Extract preprocessed tensors from nvpreprocess

Hi,

I’ve been trying to debug pgie because it gave different result than the original Pytorch model. I verified the result between Pytorch model and TensorRT engine (FP32 mode) and they are almost similar as expected. However, when I checked the entire DeepStream pipeline, the result is different.
Here’s my pipeline

nvstreammux -> nvdspreprocess -> nvinfer -> ...

I verified the output of nvstreammux. Both padding and size are correct except the color, I think it’s not RGB but i guess the downstream pgie module will take care of it.
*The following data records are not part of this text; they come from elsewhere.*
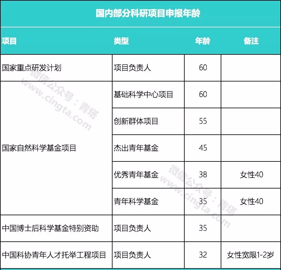 比如,国家重点研发计划项目负责人限制在60岁,国家自然科学基金基础科学中心项目负责人限制在60岁,国家杰青限制在45岁,创新群体项目限制在55岁,优秀青年基金限制在38岁(女性40岁),中国博士后科学基金35岁……
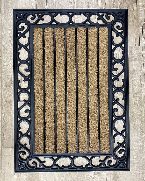 Heavy duty coir brushes shoes clean and absorbs moisture, decorative moulded rubber base,made in India
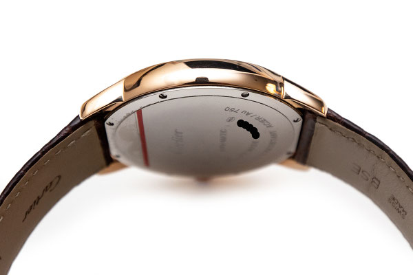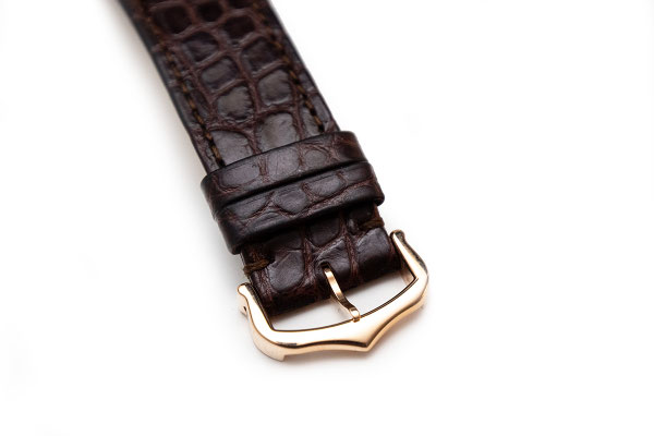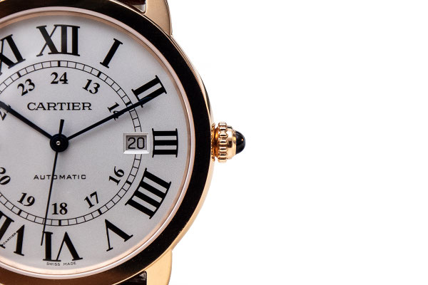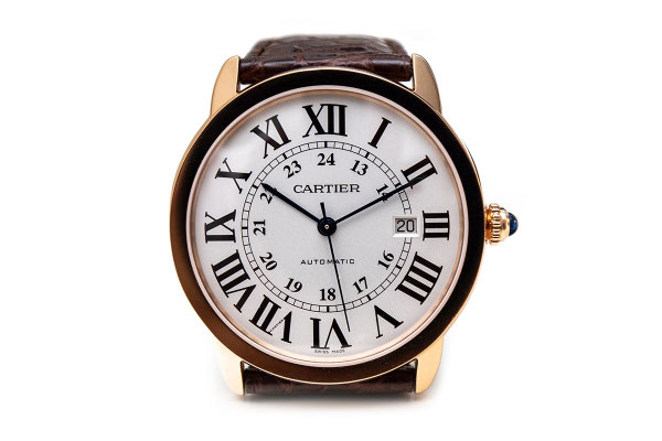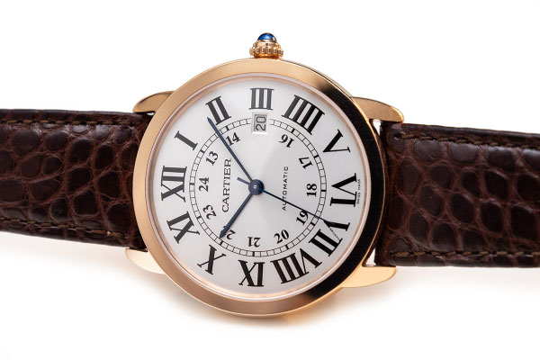 Remarques : Très belle Cartier Ronde Solo avec cadran opalin avec chiffres romains et arabes en son centre, signature secrète et guichet de quantième à 3h. Aiguilles bleuies de forme glaive. Boitier en or, fond vissé en acier. Mouvement à remontage automatique animé par le calibre 049.
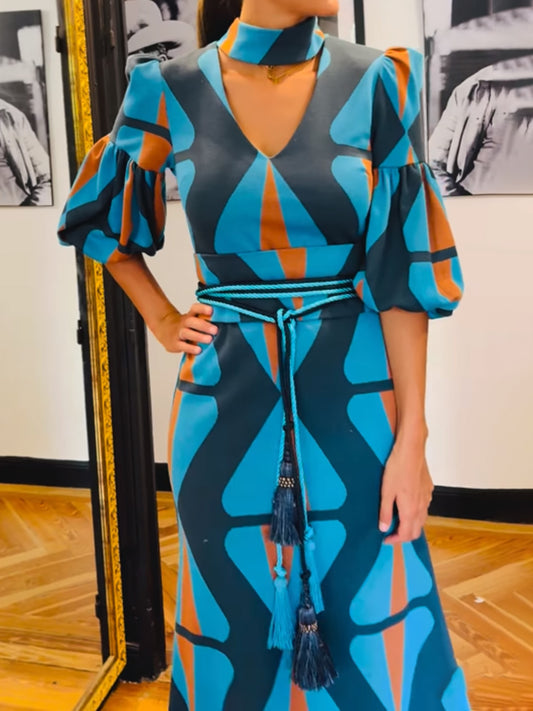 Sold outPrinted V Neck Balloon Sleeves Dress

For the output extraction from nvstreammux, I followed this example.

Because my pipeline uses nvdspreprocess for preprocessing, I rebuilt both libnvdsgst_preprocess.so and libcustom2d_preprocess.so with DEBUG_LIB and DEBUG_TENSOR flags enabled. This would save impl_out_batch_xxx.bin file. When I checked the size, it wasn’t right.

tensor = np.fromfile('xxx/tensorout_batch_0.bin')
tensor.shape
<<< (992256,)

my network takes width = 1088, height = 608, so here the tensor shape should be 1088 x 608 x 3=1984512. How can we investigate the output from nvdspreprocess when these 2 flags are enabled?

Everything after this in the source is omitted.